Christianity stands on the threshold of a new reformation. The Church is, in the words of St Augustine, ever reforming, “semper reformanda”. From Martin Luther, the great teacher of the paradoxical wisdom of the Cross and disciple of the great German mystics, we must learn in these times to be sensitive to how God’s power is manifested – “sub contrario” – in our crises and weaknesses. “My grace is sufficient for you” – these words of Christ to the Apostle Paul apply to us, too, whenever we are tempted to lose hope in the dark nights of history. Reformation is necessary where form inhibits the dynamism of the living core. The core of Christianity is the risen, living Christ, living in the faith, the hope and the love of men and women in the Church and beyond its visible boundaries. These boundaries need to be expanded, and all our human outward expressions of faith need to be transformed if they stand in the way of our desire to hear and understand God’s Word. Two parallel Reformations in the sixteenth century, the Lutheran Reformation and the Catholic Reformation, enriched, renewed and deepened Christianity, but they also divided it. The twentieth century also saw the beginning of two great parallel reformations – the global expansion of Pentecostal Christianity and the Second Vatican Council. The Council marked the transition of the Catholic Church from “Catholicism” (confessional closedness, counterculture to Protestantism and modern­ity) to Catholicity, universal ecumenical openness. The present-day reformation can build on both of these “unfinished revolutions” and take an important step towards Christian unity: one body, one Spirit, one hope.
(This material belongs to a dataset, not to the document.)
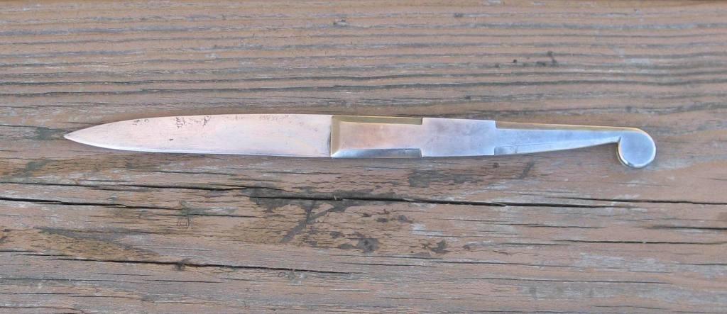 I bought this knife from a fellow CLA member a few years ago. I was told it was made for him by Kyle Willyard of Old Dominion Forge, and judging from the high quality of the knife, I have no reason to doubt that. However, the knife is unmarked. This was a common style of jack knife carried through the middle to late 18th century. Similar ones can be seen in Neumann's "Swords and Blades of the American Revolution (#41K) and Grant's "The Knife in Homespun America" (pg. 160). I am asking $260 which includes shipping and insurance in CONUS.

But we will only receive the gift of unity among Christians if we engage in a common journey towards an even wider and deeper ecumenism. Unity among Christians cannot be the ultimate goal of the new reformation; it can only be a by-product of an effort to bring the whole human family together and to assume a common responsibility for the whole of Creation. The new reformation must strengthen the consciousness of Christian co-responsibility for the whole “body” of which we are part through the mystery of the Incarnation: the whole human family and for our common world. We need to have the courage to transcend the current forms and boundaries of Christianity. The mission of the Church is an instrument of reconciliation and healing of the wounds of our common world. We strive for unity not to make Christianity more powerful and influential but to make it more credible: to make the world believe. We are to communicate the message entrusted to us in a credible, intelligible and convincing way. Tensions between Christians undermine that credibility. St Paul calls Christians not to uniformity but to mutual respect and harmony among the various parts of the body. This unity in diversity is to be the beginning, the source and the example of coexistence within the whole human family. The first reformation arose from the courage of St Paul to lead young Christianity out of the narrow confines of one of the Jewish sects. He presented it as a universal offer, transcending religious, cultural, social and gender boundaries: it no longer matters whether one is Jew or Gentile, male or female, free or slave – we are all new creatures in Christ. Today, too, Christianity is faced with the need to transcend existing mental and institutional, confessional, cultural and social boundaries. We must be more open and receptive to God’s call, hidden in the pains and anxieties, joys and hopes of the people with whom we share our common world. The history of the world and the history of the Church is neither a one-way progress nor a permanent decline and alienation from an idealised past, but an open drama, a constant struggle between grace and sin, faith and unbelief, waged in every human heart.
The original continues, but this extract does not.